What to work on ::
Please copy the data below exactly; none of the pictures in it belong in the copy.

Recorded information ::

######

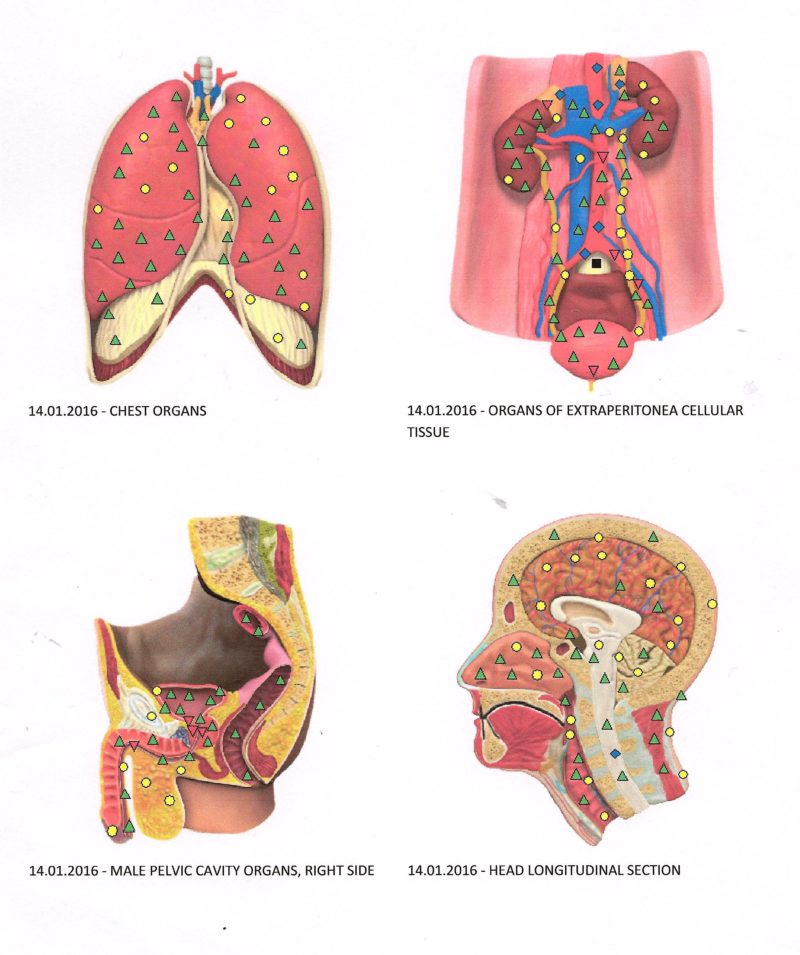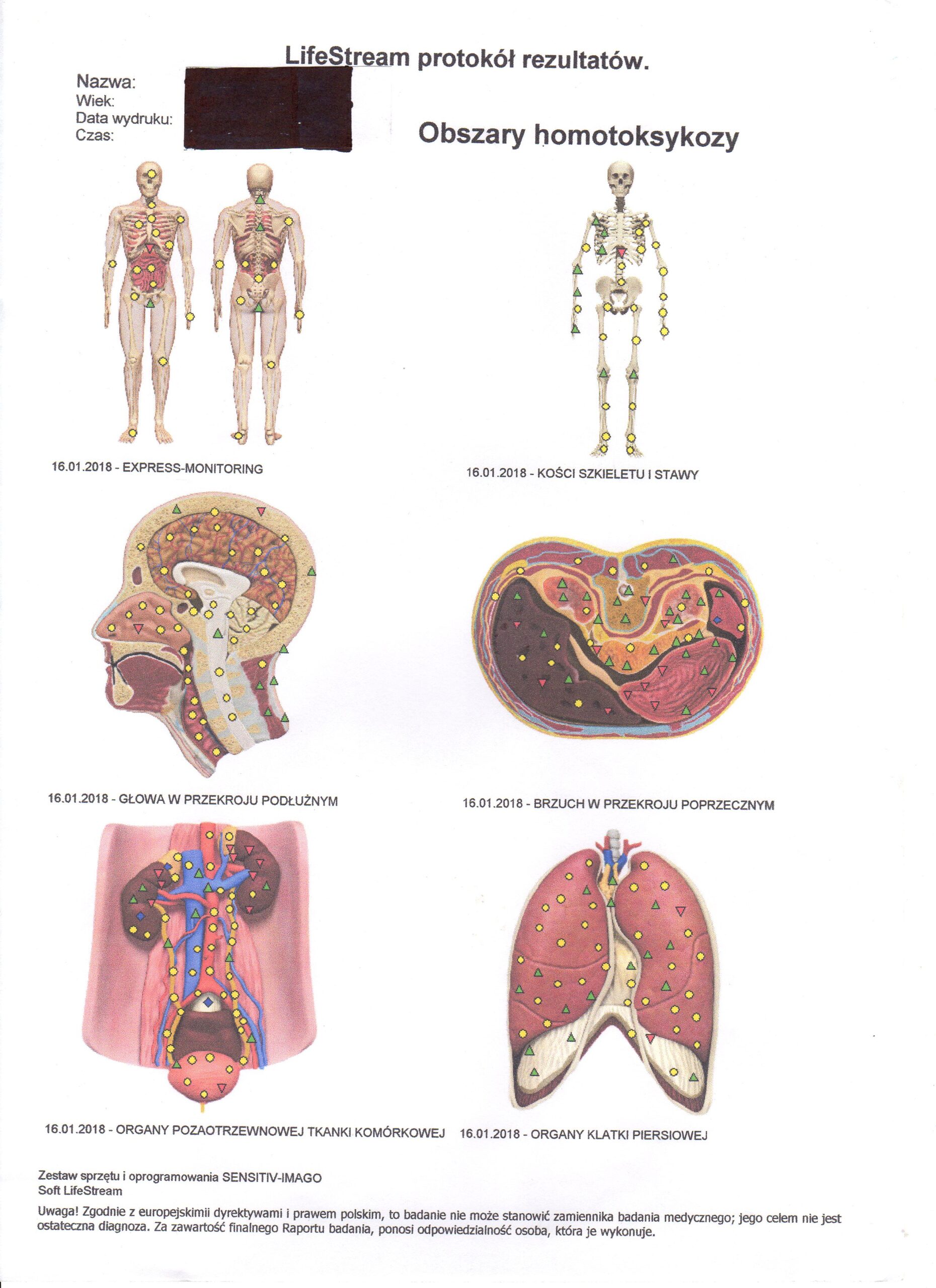 Wykazuje również zanieczyszczenia organizmu metalami ciężkimi, związkami toksycznymi i pestycydami. Czynniki antropogeniczne np. promieniowanie elektromagnetyczne radiotelefonu, smog elektryczny, obciążenie geopatyczne itp.
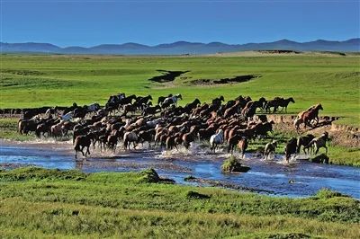 茵茵碧草,悠悠白云,天空湛蓝如洗,奔驰的骏马和成群的牛羊……
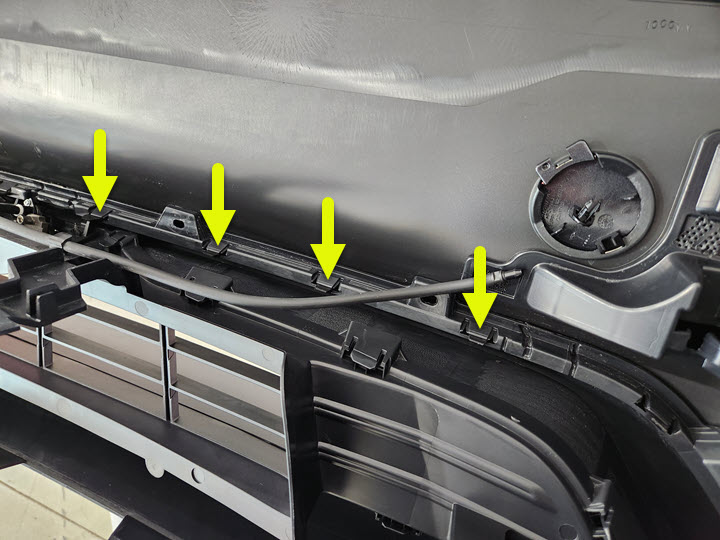 紧固将前饰板电气线束固定到前饰板总成的夹子(4 个)和挂钩,然后将线束连接到两侧端子上。

######

Completed exercise ::
 Wykazuje również zanieczyszczenia organizmu metalami ciężkimi, związkami toksycznymi i pestycydami. Czynniki antropogeniczne np. promieniowanie elektromagnetyczne radiotelefonu, smog elektryczny, obciążenie geopatyczne itp.
 茵茵碧草,悠悠白云,天空湛蓝如洗,奔驰的骏马和成群的牛羊……
 紧固将前饰板电气线束固定到前饰板总成的夹子(4 个)和挂钩,然后将线束连接到两侧端子上。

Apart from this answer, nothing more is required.